_AVAILABLE RECORDS_

►

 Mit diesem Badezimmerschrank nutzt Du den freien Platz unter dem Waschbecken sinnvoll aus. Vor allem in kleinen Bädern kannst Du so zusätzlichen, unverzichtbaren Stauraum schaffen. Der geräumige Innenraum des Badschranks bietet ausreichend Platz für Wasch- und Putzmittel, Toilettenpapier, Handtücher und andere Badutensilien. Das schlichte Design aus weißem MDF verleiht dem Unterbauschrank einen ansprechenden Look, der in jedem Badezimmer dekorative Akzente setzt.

◄
►

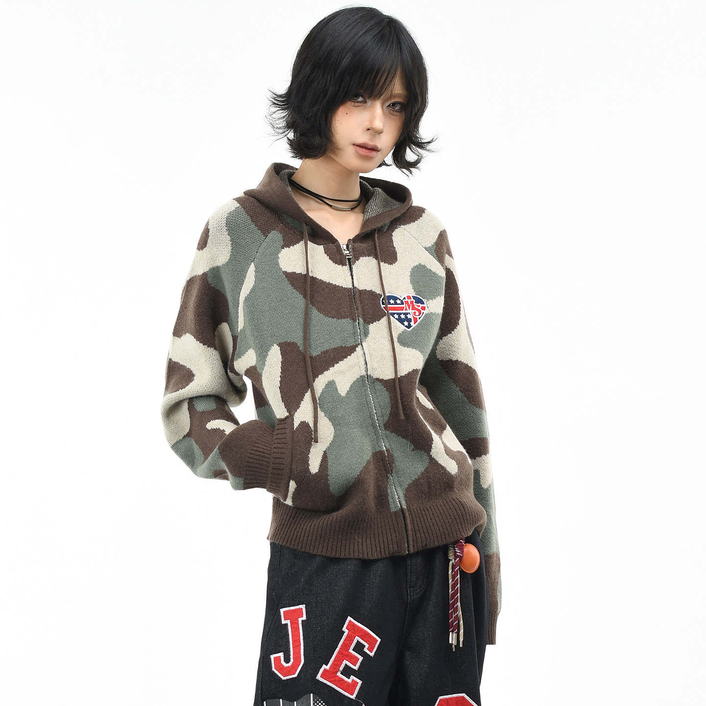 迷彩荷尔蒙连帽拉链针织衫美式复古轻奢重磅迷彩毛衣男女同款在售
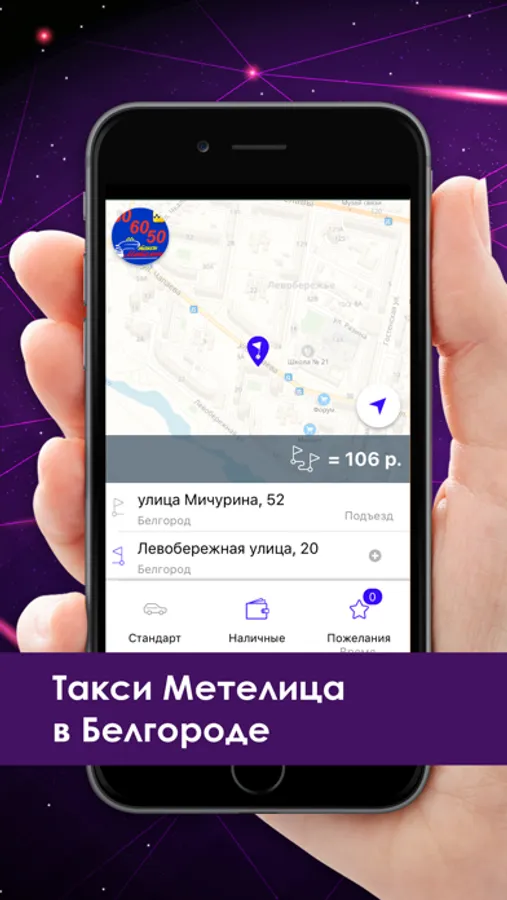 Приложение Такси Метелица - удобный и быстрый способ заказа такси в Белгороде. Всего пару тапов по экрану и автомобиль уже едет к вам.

◄

Everything from the line above that contains "迷彩荷尔蒙连帽拉链针织衫美式复古轻奢重磅迷彩毛衣男女同款在售" down to the line that contains "Приложение Такси Метелица" must be reproduced exactly, both ends included. Omit the pictures.

_EXERCISE RESULT_
 迷彩荷尔蒙连帽拉链针织衫美式复古轻奢重磅迷彩毛衣男女同款在售
 Приложение Такси Метелица - удобный и быстрый способ заказа такси в Белгороде. Всего пару тапов по экрану и автомобиль уже едет к вам.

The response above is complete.